Anne Osterrieder is a Research and Science Communication Fellow at Oxford Brookes University.
Over the next few days I’ll be blogging from the annual meeting of the Society for Experimental Biology. This year it takes place in Valencia, Spain and as always features tons and tons of plant, cell and animal biology.

I don’t think I got the point of a ‘learned society’ when I first started my PhD. My supervisors, both active in different societies, encouraged me strongly to join a couple of relevant ones. I only realised the benefits a year later, when I wanted to travel to my first international conference. I was able to apply for travel grants under the condition that I presented in form of a poster or talk, and that I’d write a short report for their magazine.
Both of these things seemed relatively unimportant at the time when my main focus was on getting data. But when it comes to writing up your PhD and putting together your CV, these are the first – and sometimes only – opportunities for young researchers to demonstrate their ability to win external funding (yes, even if it is ‘only’ £100 – everyone starts small!), write a ‘published’ article and show initiative. It doesn’t stop at travel grants. Societies also offer public engagement grants as well as funding and help to organize meetings.

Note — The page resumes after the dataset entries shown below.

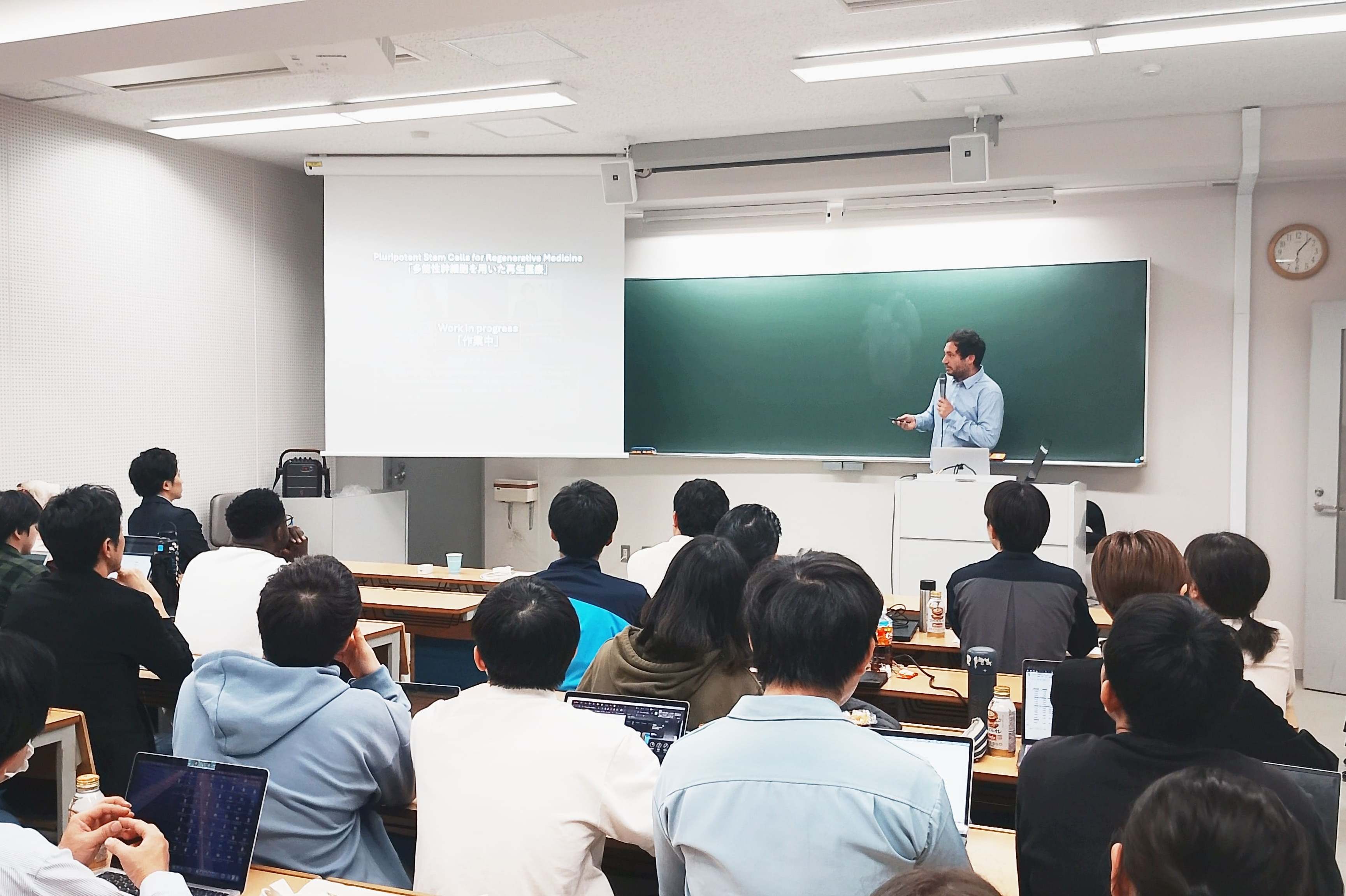 10月16日(木)、本学理工学部棟にて「第8回 SOKA-SPRING 異分野融合キャリア開発・育成セミナー」が開催され、学生、教職員など約40名が参加しました。SOKA-SPRING(創価大学 次世代研究者挑戦的研究プログラム)は、科学技術振興機構(JST)の支援を受け、博士後期課程学生の自由で挑戦的な研究を支援するとともに、多様なキャリアパスの開拓を後押しするプログラムです。本セミナーは、その活動の一環として、支援対象であるSOKA-SPRING選抜生が企画・運営の主体となり、開催されました。
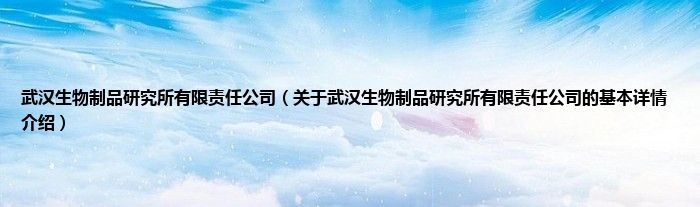 本文关于武汉生物制品研究所有限责任公司的基本详情介绍就讲解完毕,希望对大家有所帮助。
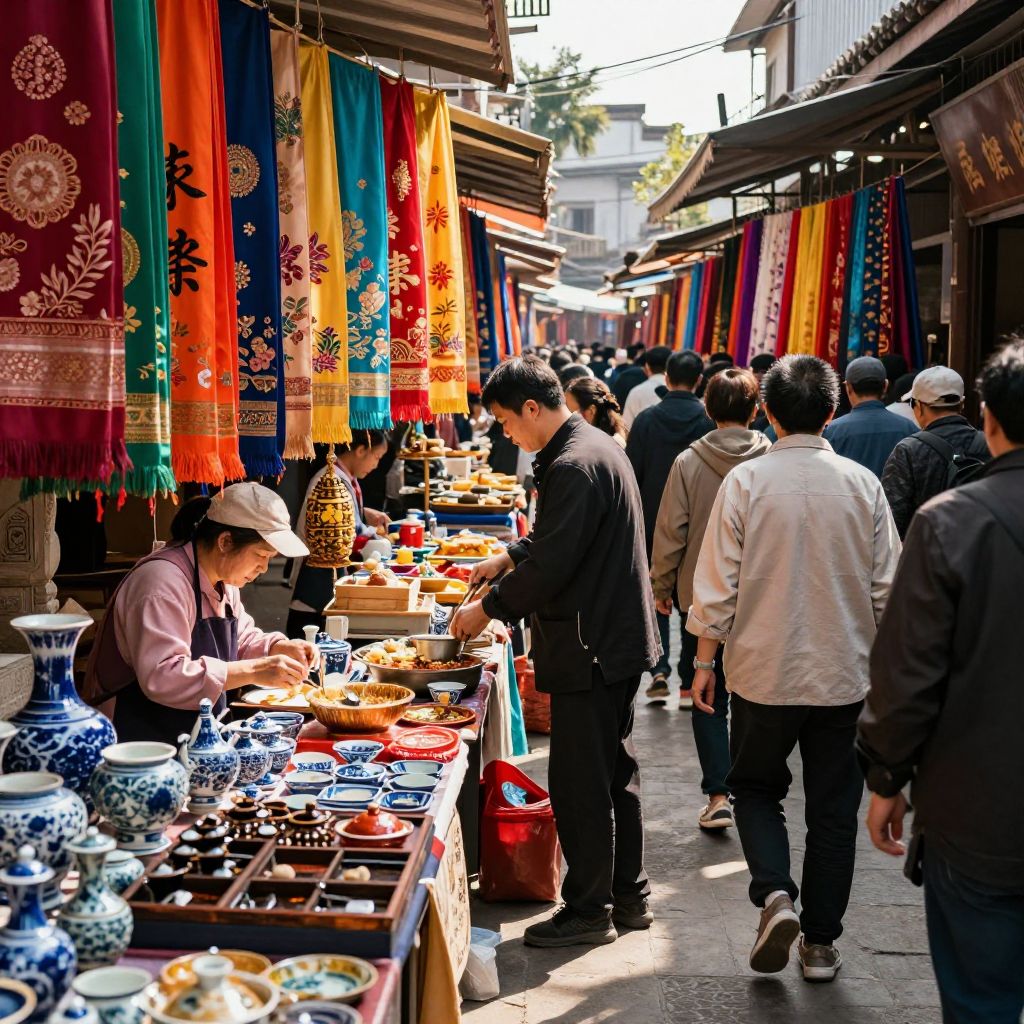 Chinese filter vibrant market scene with colorful silk fabrics, handcrafted ceramics, and traditional food stalls, bustling street with diverse crowd in traditional clothes, warm sunlight casting lively shadows, rich cultural atmosphere.

I have been a member of the SEB for almost ten years. I doubt that I’d be where I am now without their ongoing support for ‘young’ scientists. They ran the first science communication workshop I ever attended. I still vividly remember how I struggled to write a press release about my PhD project. “Imagine the headlines! ‘Scientists have found out that….and now write!”. Ummmm. “Scientists have discovered that Golgi bodies can form de novo…which means that….[blank face and despair]”. It was in a careers session at an annual meeting that I first heard of the importance of having an online profile (at that time the example was Nature Network). Now I am the one giving talks about science communication and online identity. I can only hope that I will be able to inspire others as much as I have been after all of these these SEB training sessions.

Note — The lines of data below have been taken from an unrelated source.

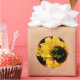 El diseño de los girasoles de bonito tiene "¡Feliz cumpleaños!" en escritura amarilla. El diseño se puede personalizar con el nombre o el mensaje.
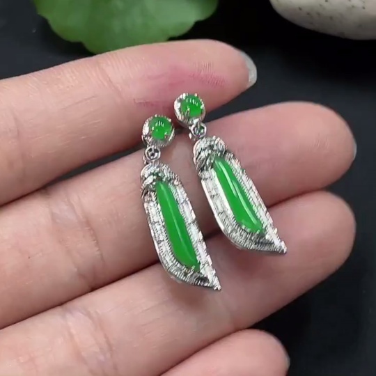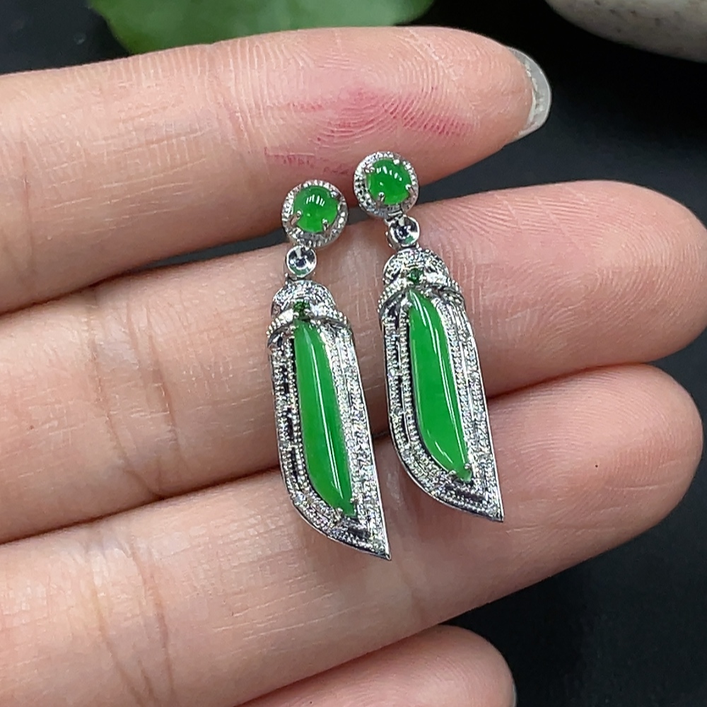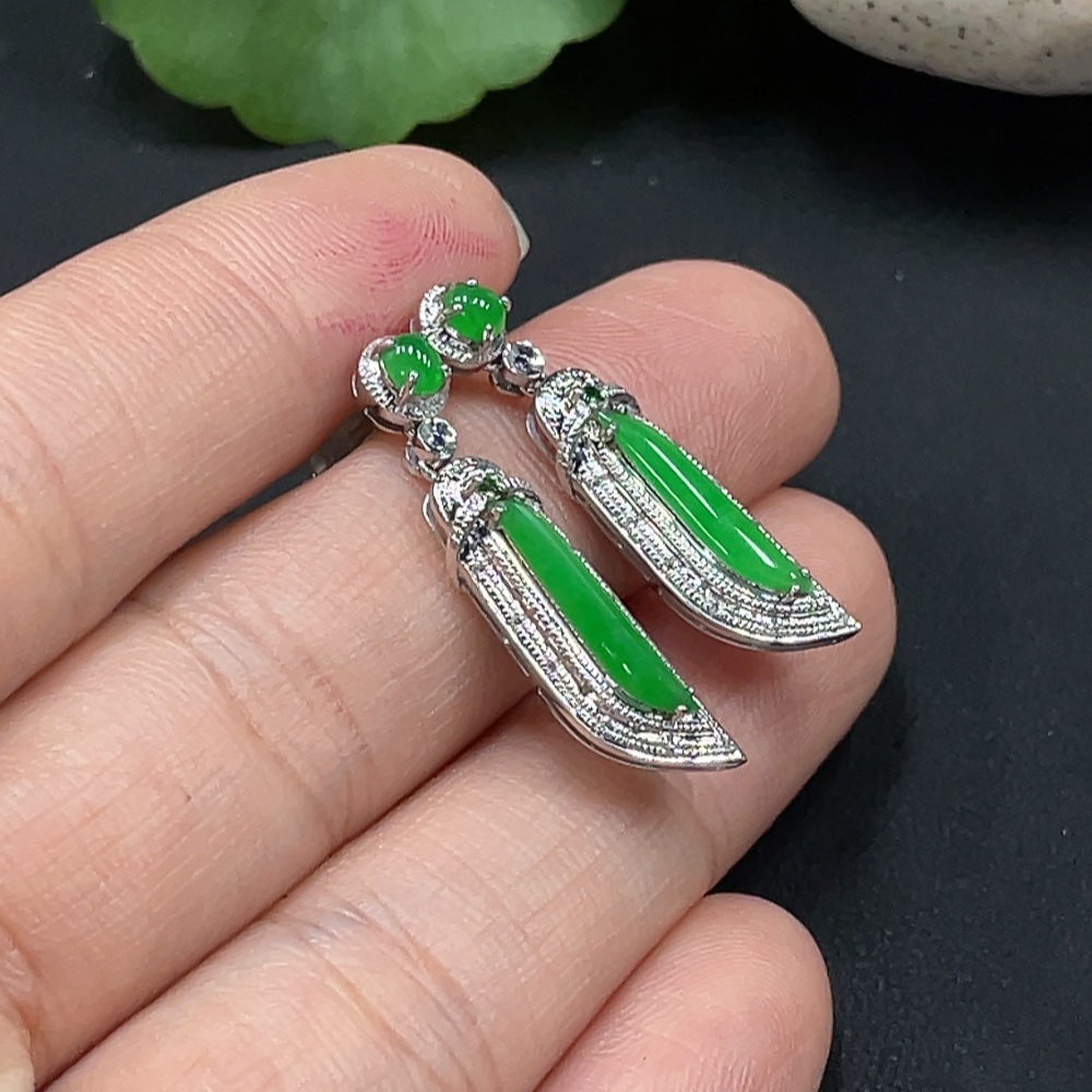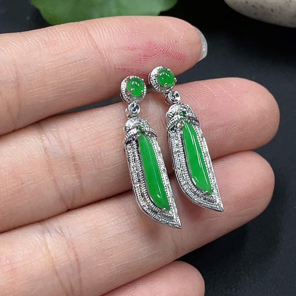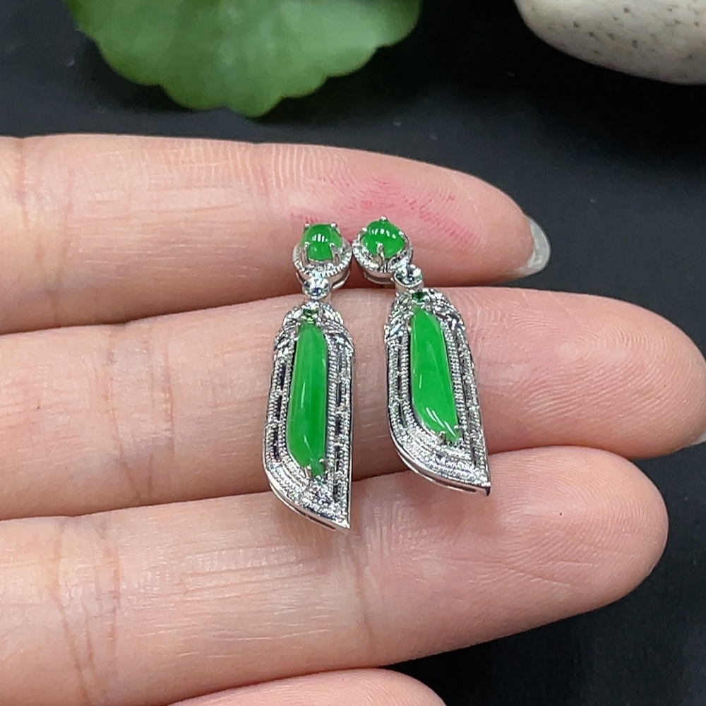 Jadeite Inlaid Earrings 18K Gold Setting Total Weight Approx. 3.8g
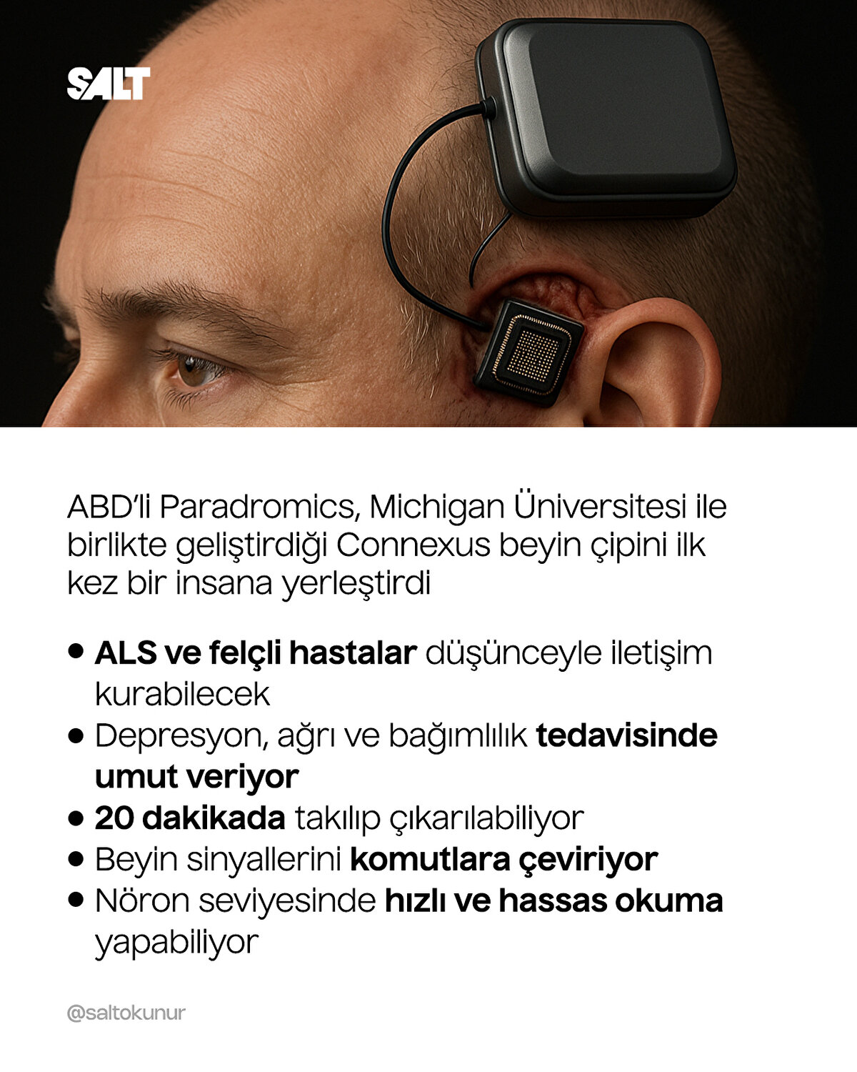 Paradromics, geliştirdiği “Connexus” adlı beyin çipini ilk kez bir insana geçici olarak yerleştirdi. 14 Mayıs'ta Michigan Üniversitesi'nde epilepsi tedavisi gören bir hastanın beyninde 20 dakika boyunca test edilen cihaz, sinirsel verileri başarıyla kaydetti. Konuşma yetisini kaybetmiş bireylerin iletişim kurmasına yardımcı olması hedeflenen çip, klinik denemelere geçmeden önce düzenleyici onay bekliyor. Şirket bugüne kadar 100 milyon dolar yatırım aldı ve NEOM projesiyle iş birliği yaptı.

The SEB also awards prizes to outstanding young scientists and early career researchers. These prizes are a great career boost, and sometimes also a much needed motivational boost (we all have gone through the ‘Valley of Sh*t’). You might think that your research is not good enough, but I strongly encourage you to enter whenever you have the opportunity.
Even if the membership fee for joining a learned society might seem like a lot of money, it will be worth the investment. Societies offer opportunities. You just have to take them.
You can find a list of bioscience learned societies here, put together by Sarah Blackford, SEB’s Head of Education and Public Affairs.
Images:
City of Arts and Sciences, Valencia by marcp_dmoz/Flickr. [cc]by-nc-sa[/cc]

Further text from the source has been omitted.